Street Art

One of the noticeable features of downtown Colorado Springs is its public art. Similar to other American communities, suburban spread in the 1980s resulted in a lackluster city center. This dilemma was addressed in the early 1990s when the city council adopted an action plan, which led to the formation in 1997 of what became the Downtown Colorado Springs Partnership with its goal to revitalize and beautify the town core for residents, visitors, and business owners alike.

Two years later, the Downtown Ventures arm of the organization introduced the first annual Art on the Streets initiative, thereby beginning what has become a highly appreciated and eagerly awaited homage to public art each summer. The program, now in its 23rd year, “celebrates the power of art in public places while turning the streets of Downtown Colorado Springs into a yearlong outdoor sculpture gallery.”

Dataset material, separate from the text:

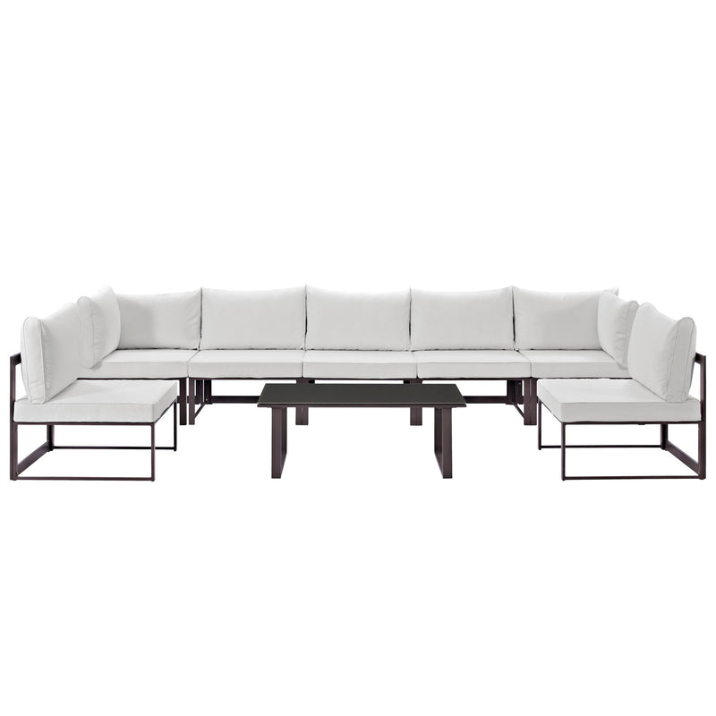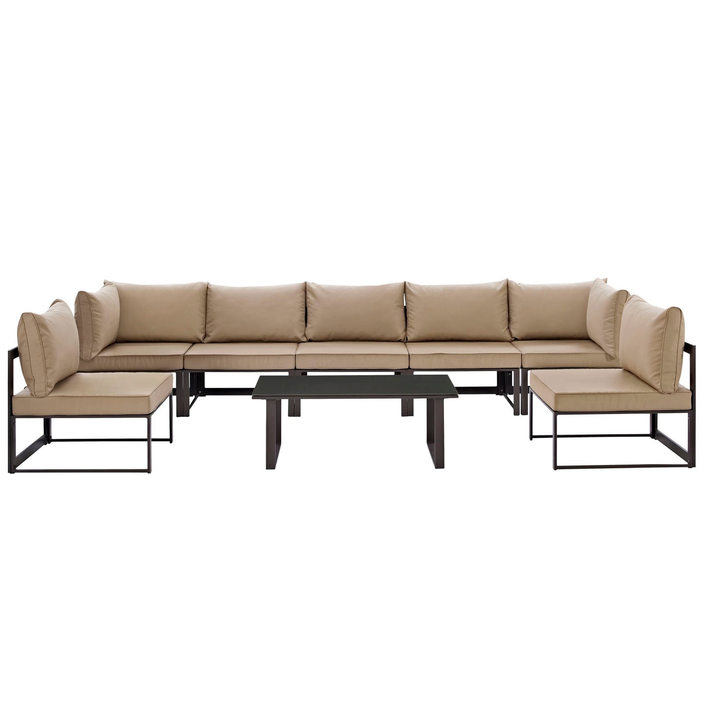 Nestled within close proximity to forests, rivers, valleys, and the Pacific Ocean rests the Fortuna Outdoor Patio Collection. Enjoy the good life with the versatile Fortuna Patio Sectional Sofa Set in an engaging arrangement that makes it easy to enjoy conversations together with friends and family. Made of powder-coated aluminum with all-weather polyester cushions, Fortuna Outdoor Patio Sofa Set appeals to the modern palate without overwhelming the senses. This installment of the Fortuna Outdoor Series is a 9 piece patio sectional sofa furniture set perfect for contemporary patios, backyards, poolside, and other outdoor lounge areas.

Each year, artists interested in participating submit their proposals and a select group of them is chosen to install their art, which is then evaluated by a group of jurors and may be awarded a prize. In the first year, 20 artist revealed 20 different sculptures. This year, 12 new works were selected from a record-setting 168 proposals. What started with sculptures has meanwhile expanded to include murals and additional art forms.

The city purchases at least one of the annual entries and private individuals and businesses may choose to purchase others. Of the more than 300 artworks exhibited since the program’s inception, over 50 have become permanent. Add to these private and corporate art displays and it is easy to imagine how the heart of Colorado Springs has been transformed into the outdoor art gallery envisioned by the plan’s creators.

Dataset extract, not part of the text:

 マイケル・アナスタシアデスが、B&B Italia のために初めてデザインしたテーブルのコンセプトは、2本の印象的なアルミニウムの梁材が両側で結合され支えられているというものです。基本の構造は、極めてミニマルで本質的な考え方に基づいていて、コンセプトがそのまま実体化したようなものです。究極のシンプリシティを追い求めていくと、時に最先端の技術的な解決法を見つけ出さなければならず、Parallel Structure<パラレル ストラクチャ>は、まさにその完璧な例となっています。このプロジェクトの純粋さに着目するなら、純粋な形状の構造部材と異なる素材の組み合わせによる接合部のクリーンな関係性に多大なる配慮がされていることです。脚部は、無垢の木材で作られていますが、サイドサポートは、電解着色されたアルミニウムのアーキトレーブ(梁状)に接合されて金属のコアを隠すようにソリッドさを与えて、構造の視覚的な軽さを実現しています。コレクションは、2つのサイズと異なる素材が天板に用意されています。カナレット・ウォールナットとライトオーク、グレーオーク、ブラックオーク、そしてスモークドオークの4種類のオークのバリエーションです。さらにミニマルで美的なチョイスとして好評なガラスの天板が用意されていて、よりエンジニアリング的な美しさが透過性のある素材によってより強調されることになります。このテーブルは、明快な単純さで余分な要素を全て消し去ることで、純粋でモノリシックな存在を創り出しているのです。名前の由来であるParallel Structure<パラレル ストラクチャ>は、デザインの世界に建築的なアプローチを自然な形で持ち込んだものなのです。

To join in the yearlong commemoration of a significant milestone in Colorado Springs history—its 150th birthday on July 31, 1871—I will on occasion share some of my favorite downtown displays in celebration of the city’s sesquicentennial. One feature not previously mentioned is the imaginative makeover of what would otherwise be gray and boring traffic signal boxes. Along many downtown street intersections, these signal cabinets showcase local scenery, landmarks, historic personalities, or simply fun and whimsical subjects, such as in today’s post. Enjoy!

The photo on top from April 30, 2021 shows the northeast corner of the intersection of Tejon and Vermijo Streets, with the Colorado Springs Pioneers Museum in the background.

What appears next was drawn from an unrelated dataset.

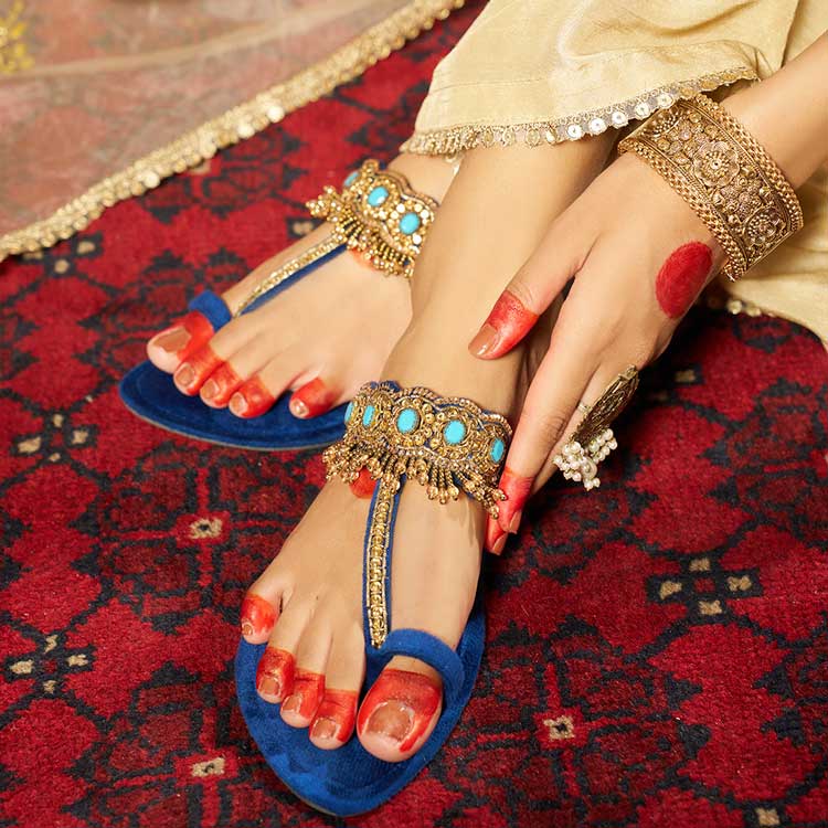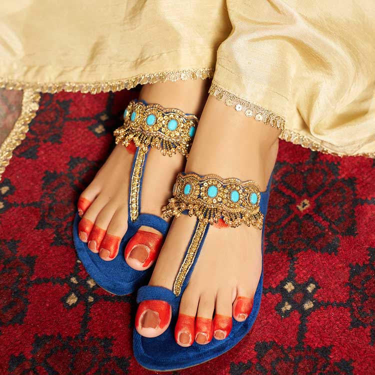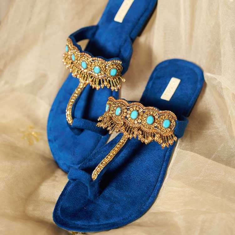 The Maina kolhapuri features a deep navy blue base, adorned with fine handwork, intricate embellishments, and elegant tassels for a rich, artistic look. Handcrafted with attention to detail, it brings together tradition and contemporary elegance. Perfect for weddings and festive occasions.

33 thoughts on “Street Art

    • Synchronicity, Steve?
      I think all of the traffic control boxes meet your criteria for what public art should be, but there are some murals that make a political statement. One of them is very powerful and will be part of one of my future posts. I look forward to hearing your opinion about it. 🙂


      • Not having seen that mural yet, I can’t pass judgement (I like the British spelling with an e after the g). What concerns me, though, is that whatever group is in power and will authorize political works that reflect the in-group’s beliefs and will never authorize any works, no matter how high the quality, that reflect an opposing viewpoint. That’s already been happening for years. For example, in the current climate, no conservative book, regardless of how scholarly, insightful, and well written, will ever win a Pulitzer Prize. Similarly, no art gallery in an Ivy League university will ever exhibit a painting extolling American patriotism.

        Liked by 1 person

      • Hmmm….all art is political in some sense, in my opinion. Who is to say what is “high quality” art? And I guess, being from New England, I admire all the quote “conservative” art and architecture of Concord or Boston, as well as the “liberal” art seen at the Museum of Fine arts or other modern galleries. To my mind, it’s all about everyone having a voice. Just my two cents. 🙂

        Liked by 1 person

      • Thank you for your comment, Julie.
        I think some art is apolitical, eg. in the case of the whimsy dogs on the traffic boxes.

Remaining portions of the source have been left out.